I wanted to share my top three takeaways, because they’re valuable to all of us:

  1. We’re early on the adoption curve, but widespread change is inevitable. Throughout the day, we discussed how greater corporate investments in worker well-being and advancement are now widely embraced as the direction leading employers must take. But those who are genuinely taking action on these issues are still in the “innovator” or “early adopter” phase. They’re trying new things, and sometimes they’re failing. They’re looking for the ideas that work, and for a network of changemakers who will support them along the way.
  2. Community, community, community. I knew that these leaders were craving connection to like-minded peers from other companies, but I didn’t realize how quickly this community would form.
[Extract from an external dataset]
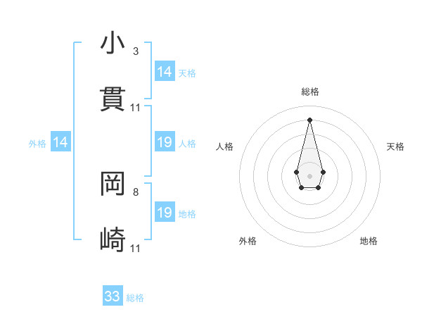 小貫 岡崎さんの総格は33画の4点!
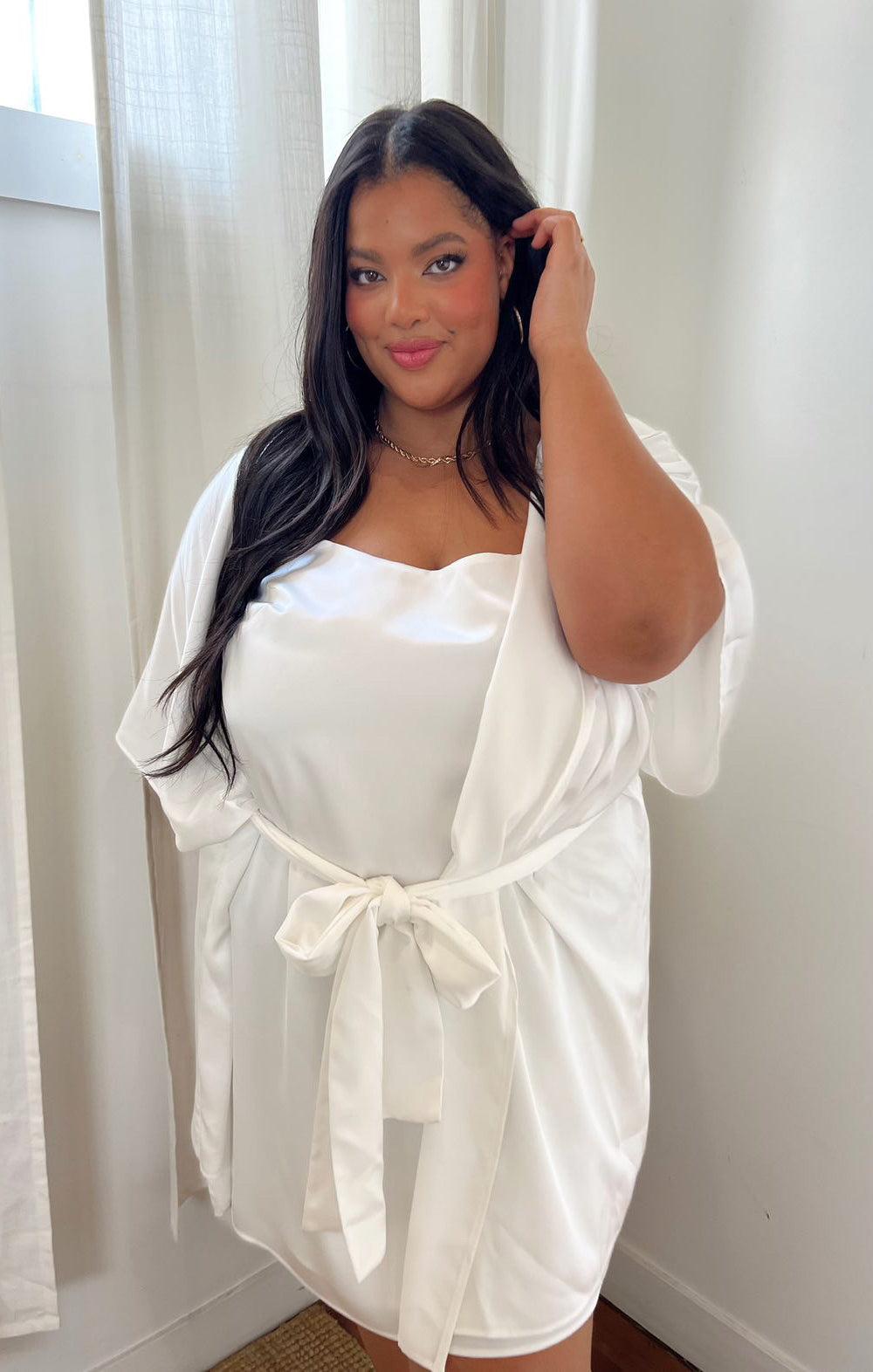 This fluttery robe is a bridal suite essential! Relaxed and smooth to the touch, it's perfect for the bride and her girls to wear while getting ready for the wedding.

Within minutes of getting in the room together, there was a buzz and a sense of collaboration and support. As a facilitator, it was easy to spur dialogue (and, frankly, a little hard to quiet the room when we needed to refocus and move on!).
  3. People want to know what “good” looks like. This field is still emerging. Promising practices are out there, but they’re scattered. There’s an emerging group of changemakers who are looking for the best of what is out there, and they want to bring those ideas back to their companies. They also want to know how to measure success—key performance indicators and benchmarking are terms that resonate. We all want to know what good looks like, and to get there quickly.

Stepping Up to Be Part of the Solution

As I looked around the room at the summit, I was struck by the potential for positive impact. The companies that were there employ more than 5 million people. Five. Million. People. That is what scale looks like. That’s why it matters that companies are stepping up and engaging on issues of work and economic mobility—because they’re a critical part of the solution.

Big things can happen when inspired corporate leaders are motivated to make change and are equipped with the best practices, tools, insights, and support network they need to carry out that change.

The advice that Fortune’s Alan Murray shared with the attendees summed it up: “Recognize your power—and your ability to change the company that can change the world.”